Production costs of $1.60 per million British thermal units are lower than US prices, and cheap enough to make liquefied natural gas (LNG) exports viable. Argentina wants to become an important exporter of LNG, with up to 30 million tonnes of annual capacity, not far short of half of Qatar’s current level. This will need heavy private investment, with Mr Milei making it clear state funding of pipelines is no longer an option.
The swelling output is important for four reasons. First, and most of all, for Argentina, which has never regained the heights of the early 20th century, when farming made it one of the world’s wealthiest countries. An oil- and gas-led boom could represent 20 per cent of gross domestic product by 2030, fixing the balance of payments, spurring investment and bringing an end to recurrent economic panics.
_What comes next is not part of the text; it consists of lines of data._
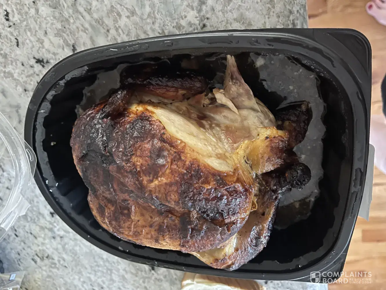 It would be nice if you are going to charge $4.98 for a rotisserie chicken then the buyer would get a whole chicken. My husband bought one today among the $362.32 he spent and the chicken was missing a whole quarter. Someone had a thigh and leg off. Unbelievable!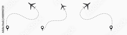 Airplane or aeroplane routes path. Aircraft tracking plane path, travel, map pins, location pins.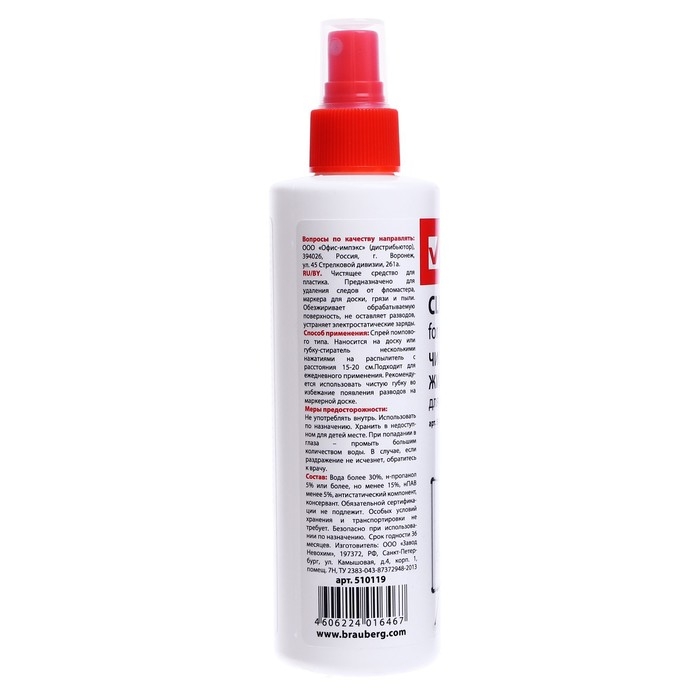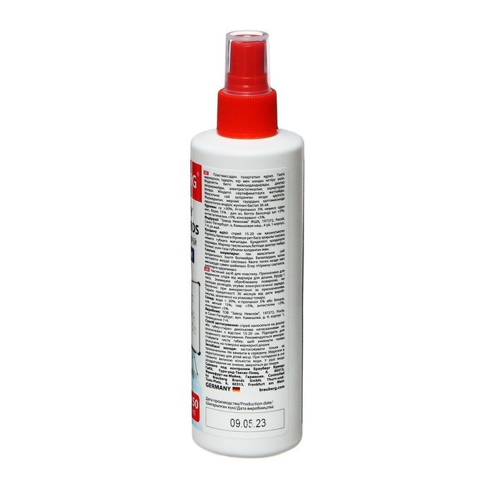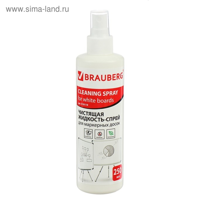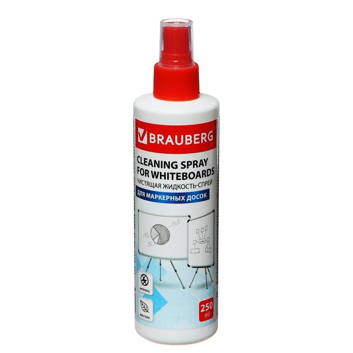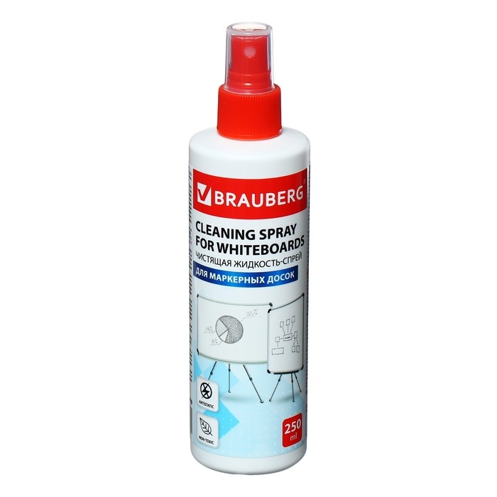 Чистящая жидкость-спрей BRAUBERG предназначена для очистки поверхности маркерных досок. Удаляет следы сухого маркера, пыли, отпечатков пальцев и других загрязнений, а также дезинфицирует поверхность.Спрей имеет объем 250 мл. Подходит для ежедневного применения. Обладает антистатическим эффектом. Рекомендуется к использованию вместе с сухими стирающими салфетками.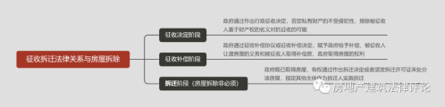 第二個(gè)階段是征收補(bǔ)償階段,政府通過征收補(bǔ)償協(xié)議或征收補(bǔ)償決定,賦予政府給予補(bǔ)償、被征收人讓渡房屋的義務(wù)和被征收人取得補(bǔ)償款、政府取得房屋的權(quán)利。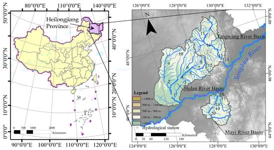 The Songhua River is located in Northeast China, between 41°42′–51°38′ N and 119°52′–132°31′ E, with a total length of 1927 km and a total area of 556,800 km2. Based on the terrain and river channel characteristics of the Songhua River, three sub-basins, the Hulan River basin, the Mayi River basin, and the Tangwang River basin, have been selected as typical basins from upstream to downstream, with their different latitudes and terrain differences. The Hulan River is the first tributary of the left bank of the midstream of the Songhua River; its basin area is about 36,800 km2. The proportion of mountainous areas and hilly and plain areas is 37% and 63%, respectively [,,]. The Mayi River is a lower-latitude first tributary on the right bank of the Songhua River; its basin area is about 10,600 km2, and it is a mountainous river. The proportion of mountainous areas and hilly and plain areas is 76.9% and 23.1%, respectively []. The Tangwang River basin is the highest-latitude first tributary among these three typical river basins, with a total area of about 20,600 km2. It has many low mountains and hills, and the mountainous area accounts for 60.1%; it is a typical mountain stream forest basin []. However, there is no hydrological station at the export of the basin. Chenming Station is closest to the export; this station is used to determine the boundary of the basin. The locations of typical basins and hydrological stations within the watershed are shown in Figure 1.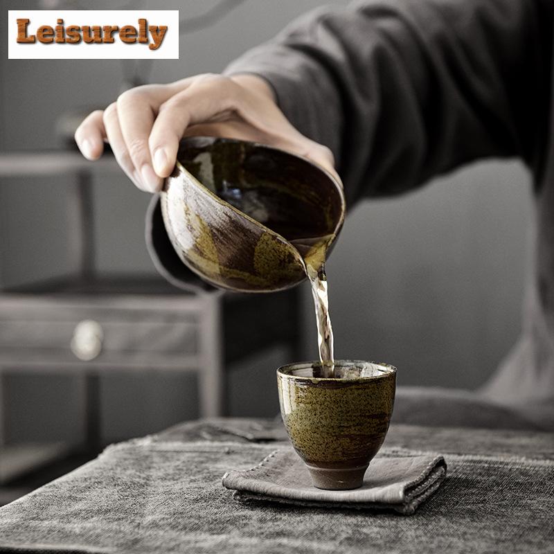 200ml Handmade Coarse Pottery Tea Pitcher Japanese Powder Yin Boat Tea Divider Cha Hai Justice Cup Kung Fu Teaware Supplies Gift

But this depends on good macroeconomic policies. Mr Milei’s heterodox approach has some promising features, but could be doomed by excessive ideology in the face of economic practicalities. Although Vaca Muerta has a low carbon footprint of production, his opposition to climate change policies could raise barriers to investment and exports.
Conversely, with limited support in Congress and no provincial governorships, Mr Milei faces challenges in pushing through parts of his agenda. His planned privatisation of YPF has been blocked. And he is betting the private sector will step up to build critical pieces of infrastructure such as the railway, pipelines and LNG plant, without guarantees that he or a like-minded successor will be around after the next presidential elections in 2027.
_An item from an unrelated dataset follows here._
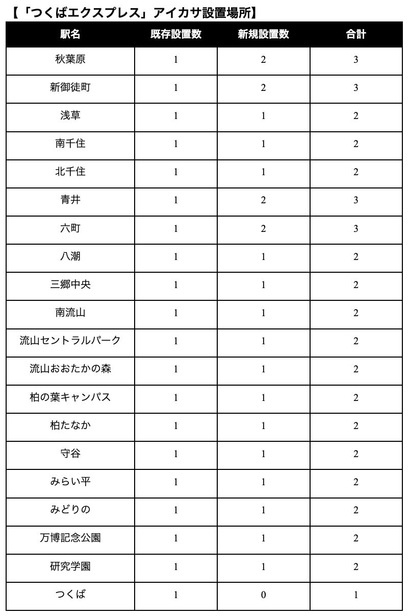 5月22日、つくばエクスプレスでアイカサを23か所に増設!全20駅の43か所でアイカサが利用可能に。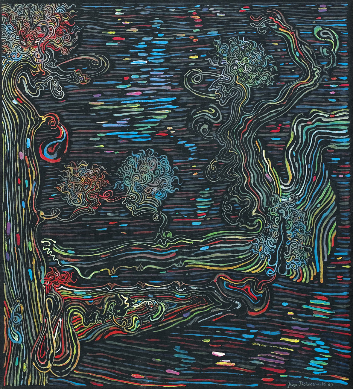 Jan Dobkowski (Łomża 1942, mieszka w Warszawie) studiował w latach 1962-1968 na Wydziale Malarstwa warszawskiej ASP pod kierunkiem prof. Juliusza Studnickiego i Jana Cybisa. Będąc jeszcze na studiach, w 1966, utworzył duet artystyczny, w którym jego partnerem był Jerzy (Jurry) Zieliński. Ich pierwsza wspólna wystawa pn. Neo-Neo-Neo odbyła się w Warszawie w 1967. Wystawiali wspólnie do 1970. W 1968 powstały pierwsze zielono-czerwone obrazy Dobkowskiego (używającego w tym czasie pseudonimu Dobson). W pracach tych, operujących giętkimi, falistymi liniami, w których upatrywano wpływów secesji, artysta używał sposobów rodem z op-artu dla wywołania złudzeń optycznych (wirowanie, mżenie, pozorny ruch form). Równolegle z obrazami tworzył też formy z płyt i folii do montowania w przestrzeni. Złoty medal na Sympozjum Złotego Grona w Zielonej Górze w 1971 i blisko roczny pobyt w USA na stypendium Fundacji Kościuszkowskiej w 1972 to kolejne etapy pełnej sukcesów kariery malarza. Wyraźną zmianę nastroju i wymowy jego prac przyniosły wydarzenia 1980-1981 roku, zwłaszcza wprowadzenie stanu wojennego. Monochromatyczne, ciemne płótna znaczył wtedy nikłymi, wiotkimi liniami rysunku. Najczęstszym motywem były patriotyczne i religijne symbole, dopowiadane tytułami nawiązującymi do realiów czasu. Kolejna radykalna zmiana nastąpiła ok. 1990. Symbolicznym zwiastunem nowego okresu stał się olbrzymi, radosny, eksplodujący bogactwem barw, kształtów i ruchu obraz ...a życie sobie płynie... (394 x 588 cm) z 1990-1991. Podobne cechy formalne charakteryzują twórczość artysty w całej dekadzie lat 90. Równolegle z malarstwem Dobkowski pracuje nad rysunkiem, będącym bardzo ważnym dopełnieniem jego twórczości.

Argentina has repeatedly swung through cycles of liberalisation and state intervention. A later populist leader might again splurge the petroleum earnings on handouts and white elephants, as has happened in so many oil-producing countries.
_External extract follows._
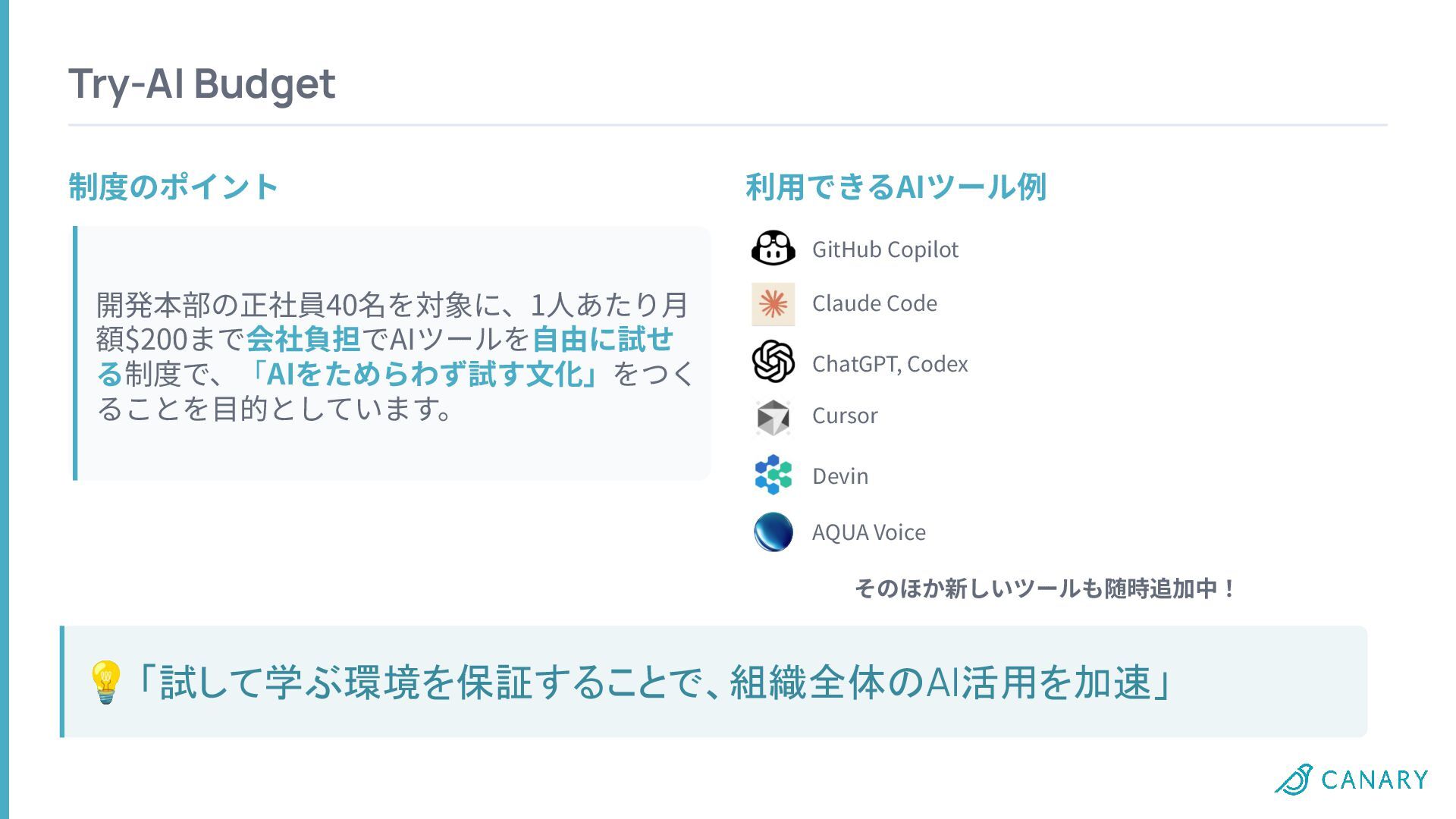 AQUA Voice Try-AI Budget 制度のポイント 利⽤できるAIツール例 開発本部の正社員40名を対象に、1⼈あたり⽉ 額$200まで会社負担でAIツールを⾃由に試せ る制度で、「AIをためらわず試す⽂化」をつく ることを⽬的としています。

Second, it threatens to swell the impending LNG glut in the late 2020s, first by replacing its own imports, then by potential exports. Most forecasts don’t even take account of significant Argentinian LNG supplies by the early 2030s.
Third, it further entrenches the dominance of the Americas in oil output growth: the US, Canada, Brazil and new entrant Guyana are the other major gainers over the past five years, while the Opec+ alliance has repeatedly had to restrain production.
And fourth, it is a warning to Opec that competitors can pop up in unexpected places. The Vienna-based organisation is lucky that shale has not yet surfaced outside the US. Now, it may be about to. Argentina’s success might encourage emulation by Mexico, Australia or another holder of big resources. Then, more dead cows will haunt Opec's future.